# Looking For Vacation Destination Where I Can Ride and Kids Can Play



## ExtraSlow (Jul 7, 2004)

I would appreciate any suggestions you all might have for places to vacation along the east coast where I can balance riding my bike with kid-friendly activities. 

My family has vacationed on Cape Cod the past few years, and it has offered us a nice range of activities to choose from, but I'm tired of the bike trail and itching to try someplace else in the Northeast/Mid-Atlantic area.

Thanks for any thoughts you all might have!


----------



## lstocks (Apr 9, 2002)

*Mid Atlantic Vacations*

One place I might suggest is Wintergreen in the Blue Ridge Mtns of Virginia. I own a condo there, and usually take my bike when we go as a family. The Blue Ridge Parkway is 10 minutes away, and offers superb riding with gentle grades. There are also lightly-travelled country roads with and without climbing. The kids can choose from pools, golf, horseback riding, tennis, supervised camp activities, mountain biking, paintball, bungee trampolines, rock wall climbing, etc. Let me know if you want more info


----------



## TRACKMAN (Jun 8, 2006)

A little farther south and you can ride all day without geting bored or bonking
on crazy climbs: O B X a.k.a. Outer Banks North Carolina.
Very flat, plenty to see.
I do a annual double century with some friends and die hard locals the length of route12. 
I have a house in Corolla, Currituck county the north end: 
( right up against Virginia)

We leave from lighthouse and ride to Ocracoke Island Island the southern end
of the island string.

The bridges can freak some peoples out so if you are not inclined 
to ride over these you can still get lots of good shorter ones in.

Lots to see, plenty for family: Wright Memorial, Roanoke Island and lost colony, really nice
aquarium, Lighthouse tours wild ponies. Oh yeah BEACHES lots of beaches.
Swim with the dolphins oh my....


----------



## mikereyno (Apr 9, 2004)

I second the Outer Banks!

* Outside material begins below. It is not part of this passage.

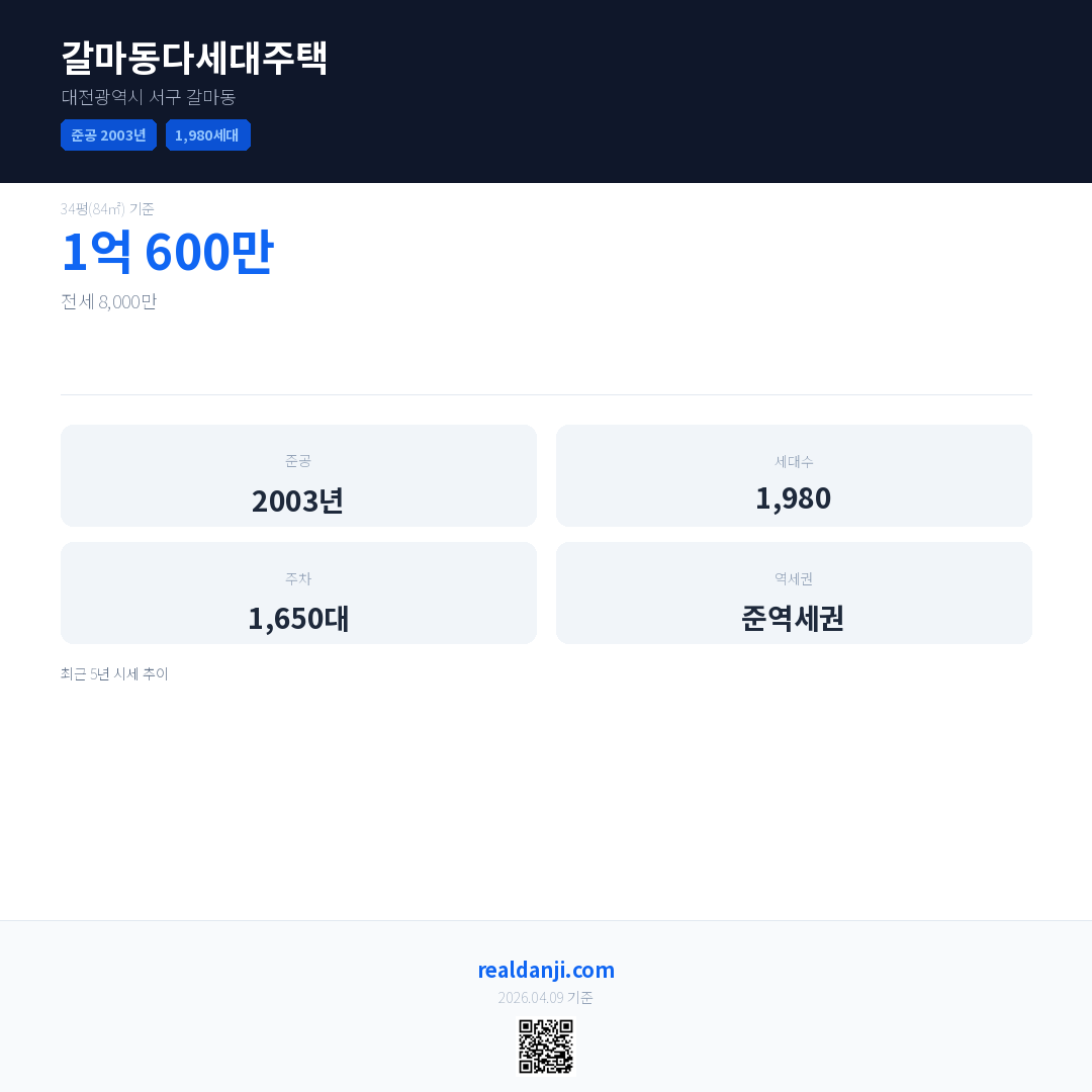 갈마동다세대주택은(는) 2003년에 준공되었으며, 현재 23년차입니다. 총 1,980세대 규모입니다.

Spent two weeks in Duck last August and I did rides in both directions in the morning and by the time I got back I would take a quick dip in the hot tub and then join the family up on the beach.


----------



## Bad Link (Apr 22, 2006)

lstocks said:


> One place I might suggest is Wintergreen in the Blue Ridge Mtns of Virginia. I own a condo there, and usually take my bike when we go as a family. The Blue Ridge Parkway is 10 minutes away, and offers superb riding with gentle grades. There are also lightly-travelled country roads with and without climbing. The kids can choose from pools, golf, horseback riding, tennis, supervised camp activities, mountain biking, paintball, bungee trampolines, rock wall climbing, etc. Let me know if you want more info



Could not agree more. I get down there once a year. The Blue Ridge Parkway and Skyline drive are amazing. Reeds Gap, OUCH> The Peaks of Otter Lodge is a nice romantic getaway if you need a weekend away from the kids. Good luck.


----------



## Har (Oct 16, 2002)

You might consider the DE beaches but i doubt hardly at this time of year you would find anything available most palces rent out 6-8 months in advance. The riding is flat but RT 1 the road that runs north south along the coast line from Dewey beach DE to Ocean CIty MD line is flat, straight, bike friendly and has all sorts of level riders on it. Saturday and Sunday it's like the tour out there. Cycling is alive and vibrant in DE on the weekends when you see this. Here is the run down in Delaware, Rehoboth, very nice, heavy gay influence, great shops and restaurants, small boardwalk, rides, arcades, Dewey Beach, its like Srping Break EVERY night, great to ride through on the weekend mornings and watch everyone scurry home after waking in someone else's house. Bethany Beach, very nice, family oriented old beach town charm, Fenwick Island the same way. DE gets knocked for a lot of things but man our beaches are the best. Good Luck. We actaully go away from the beach and are looking at maybe doing the Blue Rdige Parkway. ANybody have any lodging suggestions in addition to the above i would appreciate.


----------